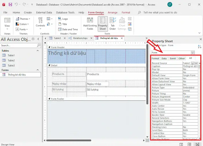 - Record Source: Nguồn dữ liệu
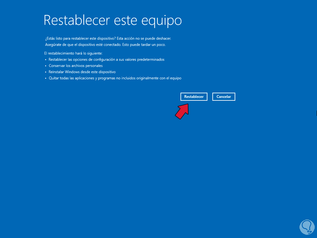 Luego damos clic en “Restablecer” para iniciar el proceso:
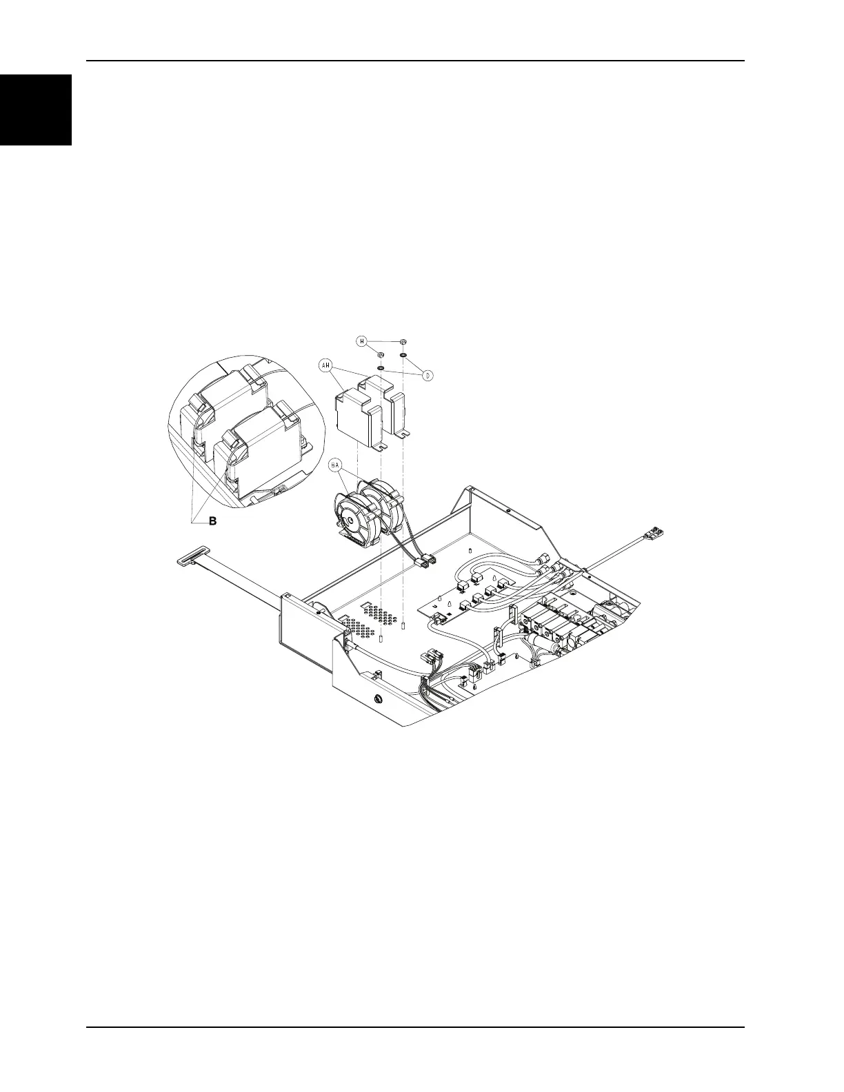 Note: During reinstall, route the fan power cables (BA) over the top of the supplied fan (B) and under the foam tape

To do: Transcribe the material as is, with images omitted.

Task solution:
 - Record Source: Nguồn dữ liệu
 Luego damos clic en “Restablecer” para iniciar el proceso:
 Note: During reinstall, route the fan power cables (BA) over the top of the supplied fan (B) and under the foam tape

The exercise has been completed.